ようやく咳き込み終わったレイチェルも、似たような考えに至ったらしい。話に割り込み、そして妙に自信満々に告げてくる。
「それはあまりにも危険すぎませんこと? わたくしがその用心棒の立場なら、間違いなくルティアを人気のないところに連れ込んであんなことやこんなことをしてしまいますわ」
「うん、お前はいいからお茶でも飲んで落ち着いてろ」
アレスはレイチェルの頭をぽんぽんと撫でながら、しかし一般論としてはレイチェルの言うとおりだとも思った。いくらハンマーで返り討ちにできる可能性が高いとはいえ、その後の対応を考えると大変な事態であることに変わりはない。
この場で依頼を断るのは簡単だ。しかしこれまでの行動から推測できるルティアの性格から考えて、彼女の旅立ち自体を思いとどまらせるのはおそらく不可能だ。
その前提で考えると、今後も大将軍派やら深淵党やらの追っ手が迫ってくることを考慮に入れたとしても、実は自分が連れて行くのが「比較的」最も安全である、という結論はどうやっても覆せそうにない。それどころか、本来の護衛対象であるレイチェルの身の安全という点から考えても、仮にも霊剣士であるルティアが仲間になれば、道中の安全度が飛躍的に増すのは間違いない――そもそもからして、二人旅より三人旅の方が安全なのは当たり前である。
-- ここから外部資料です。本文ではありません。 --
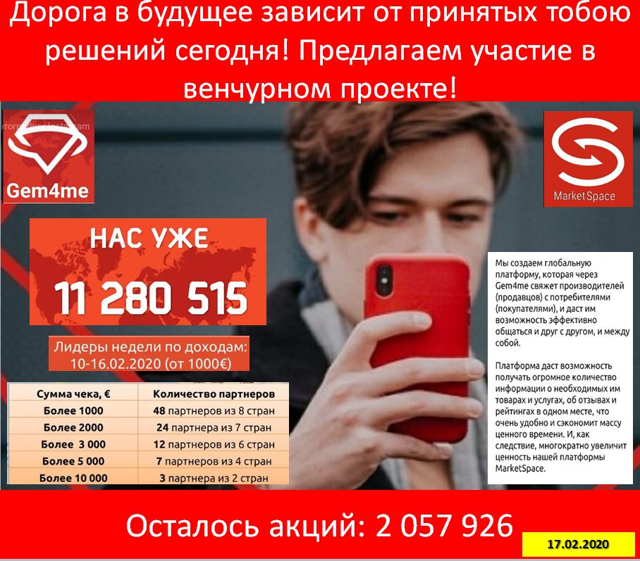 Друзья, это не просто шанс, ЭТО ШАНС! Сейчас мы стоим 263 МИЛЛИОНА ДОЛЛАРОВ! Нас уже более 11 млд пользователей!!! Доходы партнеров зашкаливают!! Готовится новая оценка мессенджера GEM4ME. Будет МИЛЛИАРД!!! ВСЕ в ВАШИХ руках. Через два, три, шесть месяцев, Вы будете стоить в 4 раза дороже! Кому интересно получить очень большой доход, обращайтесь в личном сообщении. Вместе СДЕЛАЕМ 20 МЛРД. https://sirin.marketspace.team/ Вы также можете без оплаты открыть свой бизнес-центр: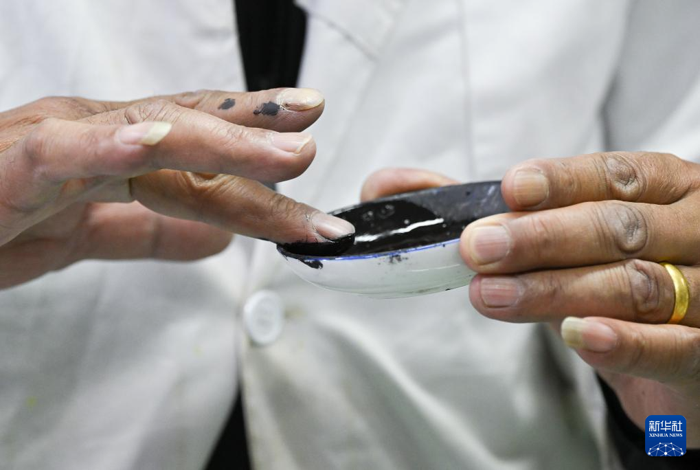 布達拉宮貝葉經實驗性修復小組實驗室工作人員對用于貝葉修復的顏料進行研磨處理(5月25日攝)。新華社記者 李賀 攝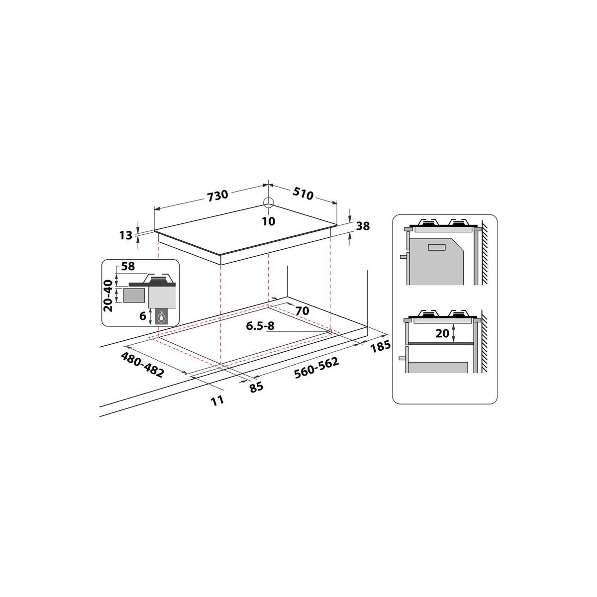| Dimensione della larghezza del piano cottura | 75 cm |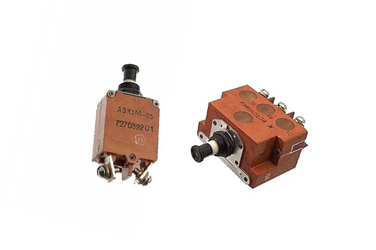 Автоматы защиты сети АЗ3, АЗК1, АЗК3, АЗФ1, АЗР, АЗС – электротехнические одно- или трёхполюсные автоматические выключатели, обеспечивающие защиту электрических цепей от воздействия токовых перегрузок и токов короткого замыкания. Предназначены для эксплуатации в цепях переменного и/или постоянного однофазного или трехфазного тока с напряжением до 200В и номинальным током до 100А.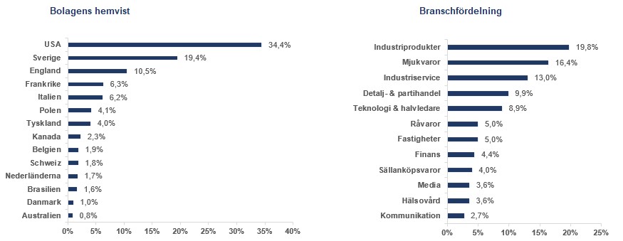 Månadens starka uppgång visar att fonden följer med bra i en uppåtgående marknad. Vi tycker att vi har en bra balans mellan olika regioner samt branscher, och ser framför allt ett stort värde i europeiska småbolag, som framstår som lägre värderade i jämförelse med sina amerikanska motsvarigheter.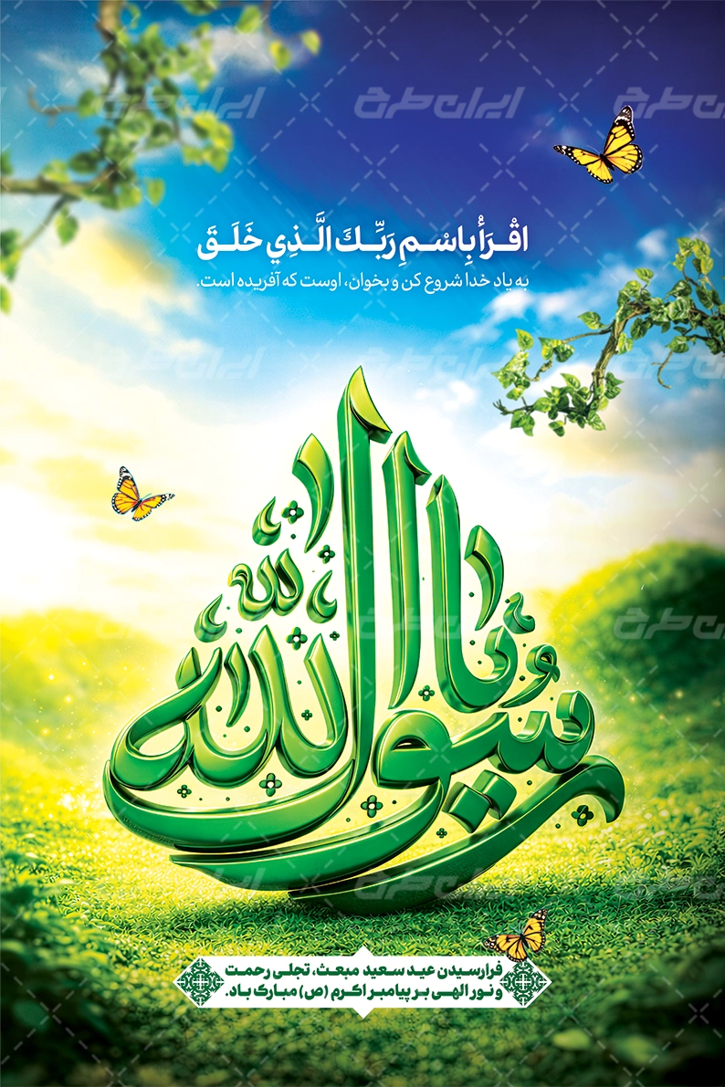 بنر عید مبعث، توسط تیم حرفه ای ایران طرح جهت استفاده کاربران سایت طراحی و به صورت لایه باز در دسترس کاربران قرار گرفته است.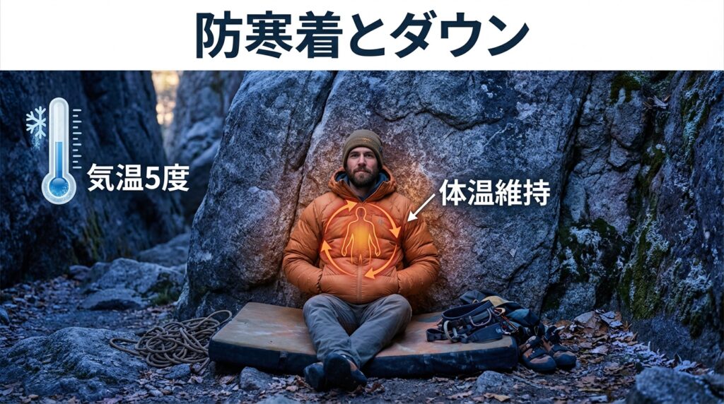 具体的に推奨されるのは、クライミングウェアの上からそのまま羽織れる、大きめサイズの厚手ダウンです。街中で着るような薄手のインナーダウンではなく、雪山登山でも通用するレベルの保温力を持ったアウターを用意してください。「登る時は脱ぎ、降りたら即座に着る」というサイクルを徹底することが、極寒の岩場で成果を出すための鉄則です。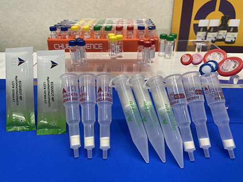 2025年11月12日(水)・13日(木)、昨年に引き続き「日本法科学技術学会 第31回学術集会」がアートホテル日暮里ラングウッドで開催され、弊社も取扱製品を出展いたしました。 弊社ブースでは、KURA biotech社の加水分解酵素(β-グルクロニターゼ)、Quechersとバイアル瓶、シリンジフィルターを展示し、学会参加者の皆様にご紹介しました。 各都道府県の科捜研の方や、法医学に携わる大学関係者の皆様にお越しいただき、加水分解酵素のラインナップの違いやQuechersとの使い分けについてご質問をいただきました。 また、バイアルについては価格面で魅力を感じていただき、皆様のお役に立てる製品であると実感しました。特に加水分解酵素では、バッファー不要のオールインワンタイプ「B-One」や高活性タイプ「BGTurbo」に高い関心を寄せていただき、使用方法について具体的なご相談もいただきました。 今回の出展は、より多くのユーザーに弊社製品を知っていただく貴重な機会となり、非常に有意義な結果となりました。 今後も様々な分野の学会に積極的に参加し、弊社取扱製品がお客様の課題解決に貢献できるよう、情報発信と提案を続けてまいります。 次回は来年11月に同会場で開催される予定です。 |

「――わかった。とりあえず報酬や細かい条件について詰めて――」
「アレスさん、ありがとうございますっ!」
「あら、お受けになるんですの? し、仕方ありませんわね、そういうことならこのわたくしが面倒を見て差し上げますわ」
「いやいやまだ受けると決まったわけではないぞ。あくまでこれから条件を詰めてだな――というかレイチェルも嬉しいのはわかったから泣くな!」
今まで以上に疲れる旅になることを予期――というより確信しながら、アレスは大きくため息をつき――
そして条件を記すための紙をテーブルの上に広げ、最初の一文字を書き記した。
-完-
本編はこれにて完結となります。
ここまでお読みいただき誠にありがとうございました。